§ Exercise requirements: I need an exact copy of the lines from the one containing "作为百色实践营的重要学习实践" through the end of the records, without any pictures.

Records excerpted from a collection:

○ ○ ○ ○ ○ ○ ○

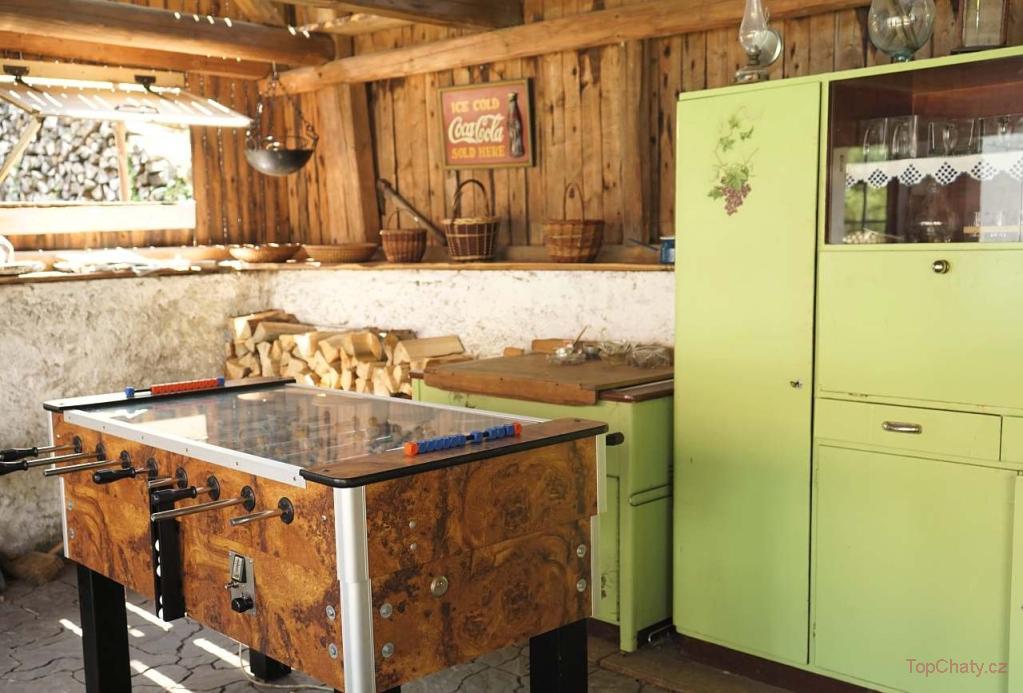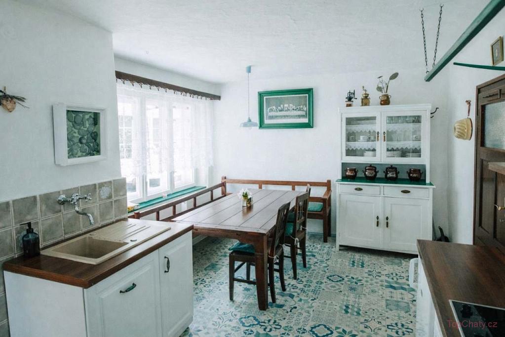 Kuchyň chalupa - plně vybavená kuchyň - lednice, mikrovlnná trouba, sklokeramická deska, toustovač, rychlovarná konvice, domácí pekárna
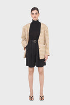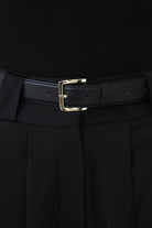 Black silky pleated shorts
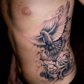- Птици... По правило птиците служат като символ на свободата. Най -често върху тялото са натъпкани изображения на гарвани и орли. Татуировки с гълъби също са популярни.Такива татуировки често се избират от религиозни хора. Обикновено такива рисунки допълват изображенията на броеници, кръстове или сгънати ръце в молитва. Хората обикновено придават специално значение на тези носими дизайни.
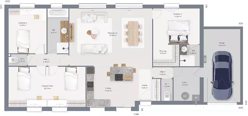 Paris à 20 min (RER A) - À découvrir à Lognes (77185) : maison neuve 5 pièces à vendre. Surface de 120 m² sur 320 m² de terrain. Conçue de plain-pied, elle offre quatre chambres, une cuisine et deux salles de bains.
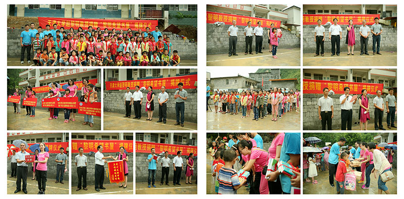 作为百色实践营的重要学习实践环节之一,营员们号召发起了对黎明希望小学的系列捐赠。短短三天内,共募集书籍800多册(其中逾1/3为新购置书籍)、文房四宝20套(由天津大学建筑设计规划研究总院捐赠)。此外,还成功联系到校内相关组织和个人对黎明希望小学的10位家庭经济困难学生进行资助。此次对黎明希望小学的帮扶还促成了井冈山营、延安营、韶山营、遵义营、百色营等五期优秀青年教师实践营的“成功会师”,每期实践营分别资助贫困生一名,每期实践营还为小朋友们精心准备了亲笔写有寄语的卡片、明信片、书籍等礼物。营员们共同约定,将长期资助贫困学生直到高中毕业,成为实践营成员之间的情感联系纽带。此外,校工会还购置了近3000元文具捐赠给小学生。
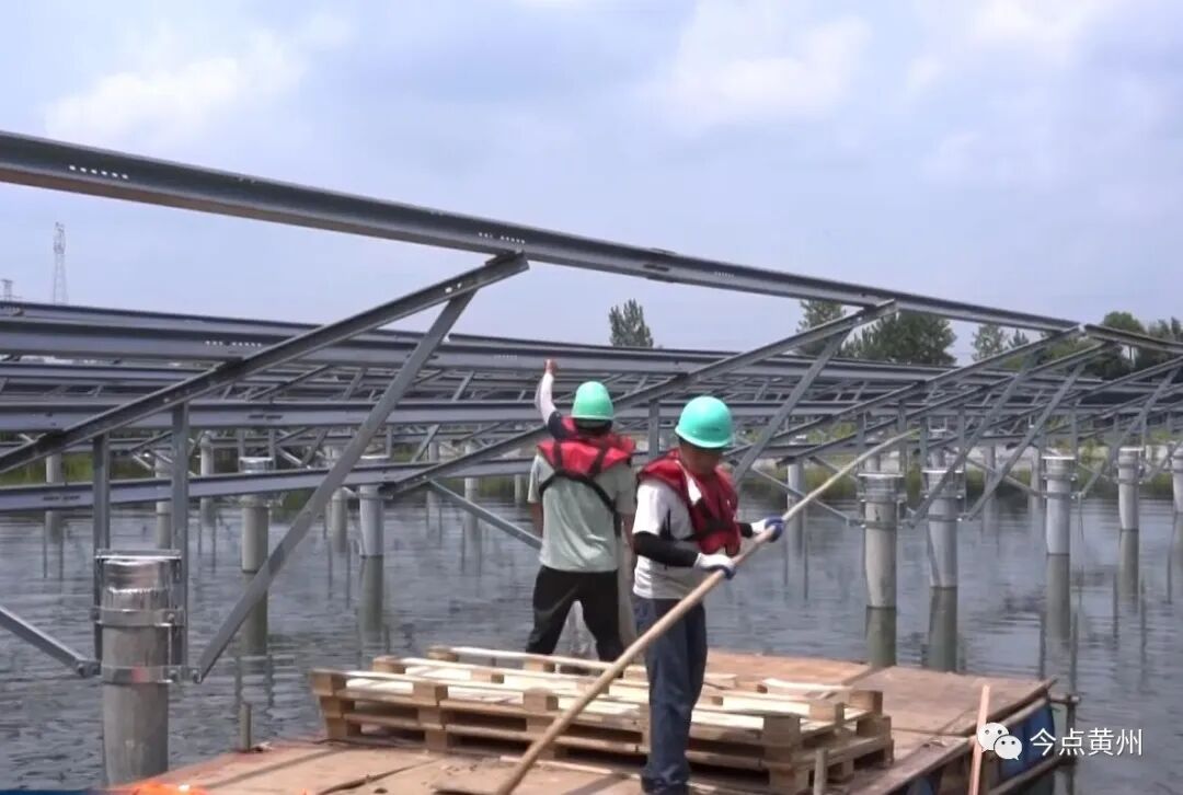 近日,在陈策楼光伏项目施工现场,工人们头顶烈日,全身心投入到工作中,有的在水面打桩抱桩作业、有的在安装太阳能板、有的在进行逆变器安装,建设现场一派热火朝天的施工景象。

○ ○ ○ ○ ○ ○ ○

§ Task output:
 作为百色实践营的重要学习实践环节之一,营员们号召发起了对黎明希望小学的系列捐赠。短短三天内,共募集书籍800多册(其中逾1/3为新购置书籍)、文房四宝20套(由天津大学建筑设计规划研究总院捐赠)。此外,还成功联系到校内相关组织和个人对黎明希望小学的10位家庭经济困难学生进行资助。此次对黎明希望小学的帮扶还促成了井冈山营、延安营、韶山营、遵义营、百色营等五期优秀青年教师实践营的“成功会师”,每期实践营分别资助贫困生一名,每期实践营还为小朋友们精心准备了亲笔写有寄语的卡片、明信片、书籍等礼物。营员们共同约定,将长期资助贫困学生直到高中毕业,成为实践营成员之间的情感联系纽带。此外,校工会还购置了近3000元文具捐赠给小学生。
 近日,在陈策楼光伏项目施工现场,工人们头顶烈日,全身心投入到工作中,有的在水面打桩抱桩作业、有的在安装太阳能板、有的在进行逆变器安装,建设现场一派热火朝天的施工景象。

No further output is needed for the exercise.